Singles from So Tough
- "Avenue" Released: October 1992; "You're in a Bad Way" Released: February 1993; "Hobart Paving" Released: May 1993;

= So Tough =

So Tough is the second studio album by British band Saint Etienne, released in 1993. It is their highest-charting album to date, reaching No. 7 on the UK Albums Chart.

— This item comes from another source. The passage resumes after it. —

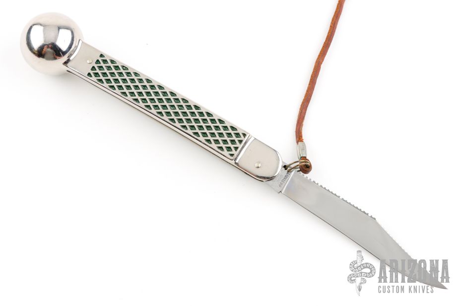 This PUMA WAAGEMESSER 501 fishing and weight scale knife.  The counterweight end of the handle is a convenient Priest and the latches on the back of the blade are suitable for descaling the fish.  The handle features a steel integral construction. Has some light scrataches, otherwise excellent condition.  Comes with original box and papers.
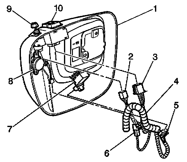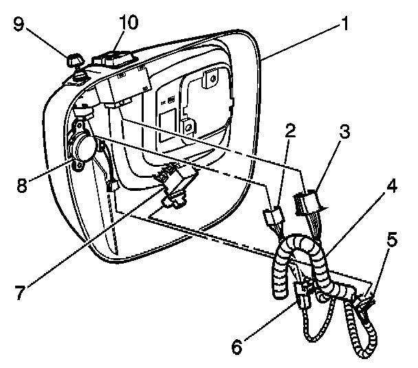 3. Install the electrical connector (2) to the power mirror switch (9).

So Tough is the first Saint Etienne album to feature Sarah Cracknell as an official member of the band. It was originally intended as a concept album which starts at "Mario's Cafe" in London then travels around the world, but it ultimately came to be viewed as a solely London album.

Professional ratings
Review scores
| Source | Rating |
| AllMusic | Star Half star |
| Christgau's Consumer Guide | A− |
| NME | 6/10 |
| Pitchfork | 8.9/10 |
| Q | Star |
| Record Collector | Star |
| Rolling Stone | Star |
| The Rolling Stone Album Guide | Star |
| Select | 4/5 |
| Vox | 8/10 |

==Samples and references==
One of the distinctive features of the album is the use of samples between the songs. The band were keen to use linking dialogue, similar to that used on some of their favourite albums – particularly The Who Sell Out by the Who and Head by the Monkees – as well as contemporary hip-hop albums that featured recurring skits. They are taken from a variety of sources, including the films Peeping Tom, Billy Liar, The Picture of Dorian Gray, Lord of the Flies and That'll Be the Day, as well as the television series The Family and the 1958 stereo demonstration album A Journey into Stereophonic Sound. The band had intended to use a number of samples from American films, but the cost of clearing these samples led them to using primarily British samples.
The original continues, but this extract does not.